If yes, then we would like to know the form and strength of the relationship.
- Scatter diagram is often then connected to fitting a best fit line to these
data. In this course, we will fit the line by inspection (by looking) and
will not go through the mechanic of calculating THE best fit line.
- The qualitative descriptors are direction of the relationship, the
form of the relationship and the strength of the relationship.
- Let us look at an example.
We have two sets of continuous data, height and weight. We could then plot
these data either of having height on the horizontal or on the vertical axis.
Both possibilities are shown above. Usually, we will have the independent
variable on the horizontal axis and the dependent variables on the vertical
axis. In a chemical experiment, the time is the independent variable and is
found on the horizontal axis and the rate of reaction the dependent variable
is on the vertical axis.
- No matter how we draw it, our example shows that as height increases the
weight also tends to increase. Thus, height and weight exhibit a positive
association (or relationship). Note that a scatter diagram cannot show
us that one variable causes another variable to happen. Scatter diagram cannot
show causality. It only shows how two continuous data are related to each
other. The relationship will have more predictive power if we have more data
on the diagram.
- This scatter diagram
however exhibits negative association between price and quantity purchased.
Two factors are negatively associated when one increases means the other tends
to decrease and vice versa.
- Both examples above appear to have linear form. We say that height
and weight exhibit a positive linear association. Whereas, price and
quantity purchased appear to have a negative linear association in
this scatter diagram.
- Beyond linear association,
data can also exhibit non-linear association. Two examples are given here.
Radiaoactivity of an element and time in this diagram exhibits an exponential
(decay) association. The other diagram shows that level of pollution and economic
development have a quadratic association.
- The strength of the relationship gives us an indication
how closely the points in the scatter diagram fit a straight line or a relevant
curve.

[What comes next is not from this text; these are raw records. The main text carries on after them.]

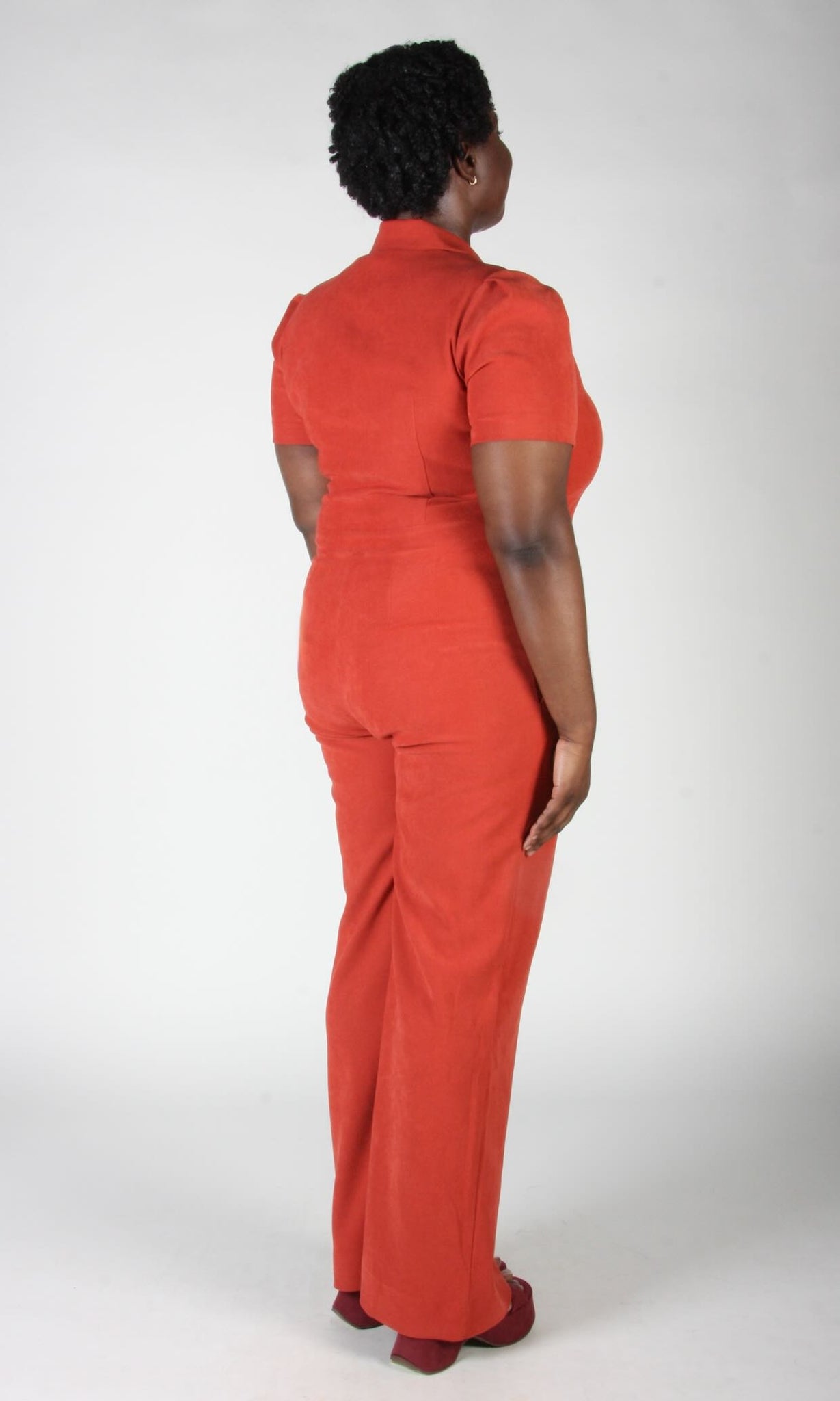 Tyrannulet is a beautifully tailored, zip-front jumpsuit with a collar, front and back pockets in the pant, and a perfectly flared leg.
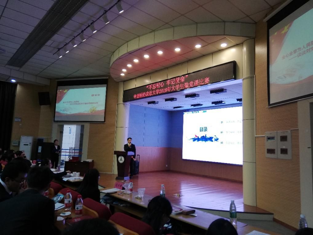 随后,比赛正式开始,来自各学院的28名选手按照顺序上台进行微党课讲授,讲授主题为赛前所抽取的题目。来自我院本科2015级党支部的张坤同学第22个上台,他的微党课主题是《不忘初心,坚持全心全意为人民服务》。从“渊源深远,内涵丰富”“学习榜样,传承发扬”以及“历史使命,青年担当”等三个方面阐述了他对党的根本宗旨的理解与体悟。张坤同学从党的宗旨的渊源和历史引入,进一步阐述了全心全意为人民服务的政治内涵和道德意蕴,由焦裕禄同志和汉川市杨林沟镇党委书记曾国红的事例号召大家从榜样身上汲取精神力量,并在结尾呼吁学生党员同志们接好党的事业的接力棒,做到坚定理想信念、提升个人本领、不断矢志奋斗。
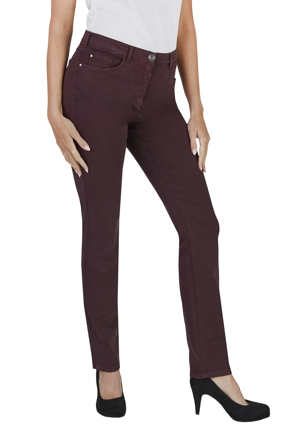 Spodnie MONI w kolorze bordowym. Modne spodnie, elastyczny materiał i wygodny krój zapewniają niebywały komfort noszenia i swobodę ruchu. Spodnie idealnie się dopasowują poprzez bardzo elastyczną tylną część spodni, którą zapewnia ściągacz w tylnej części paska. Trwałość kolorów tkaniny gwarantuje długą żywotność i elegancki wygląd.
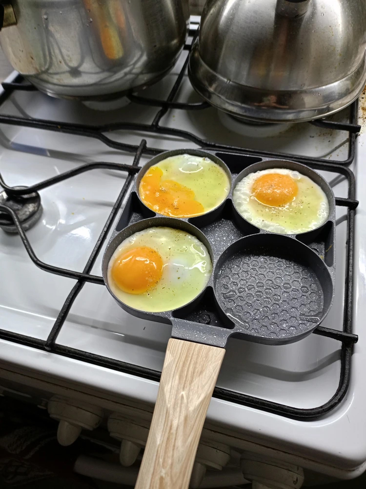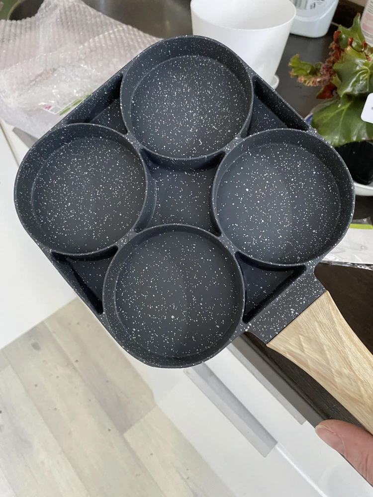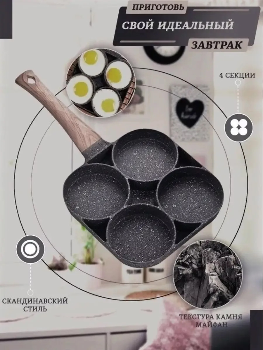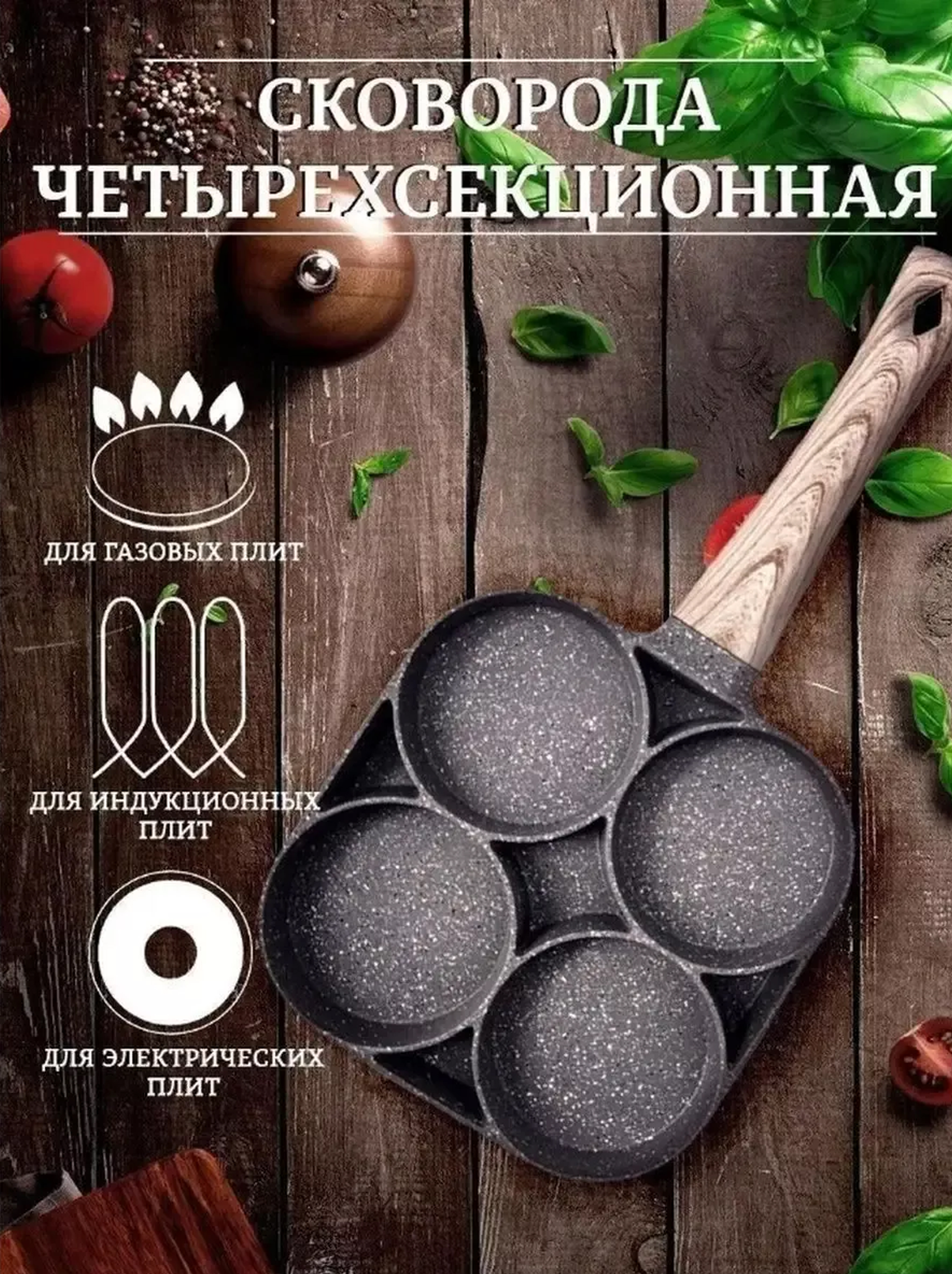 Эргономичная ручка с защитным покрытием от нагревания предотвращает риск ожогов, обеспечивая безопасность и комфорт во время готовки. Каждая секция сковороды предназначена для равномерного приготовления пищи, будь то яичница, оладьи или блины. Это делает сковороду незаменимым помощником на кухне.

The measure of the strength of a linear relationship is called the
correlation coefficient, r.
The above examples are given for positve association. You should be able to
figure out the diagrams for negative association.
- Let us return to our
initial example with height and weight. The scatter diagram exhibits a strong
positive linear association. We could draw a best fit (linear) line through
this set of points. The linear best fit line must
pass through the point that has both means as its coordinates.
In our example, the mean height is 175.1 cm and the mean weight is 57.2 kg.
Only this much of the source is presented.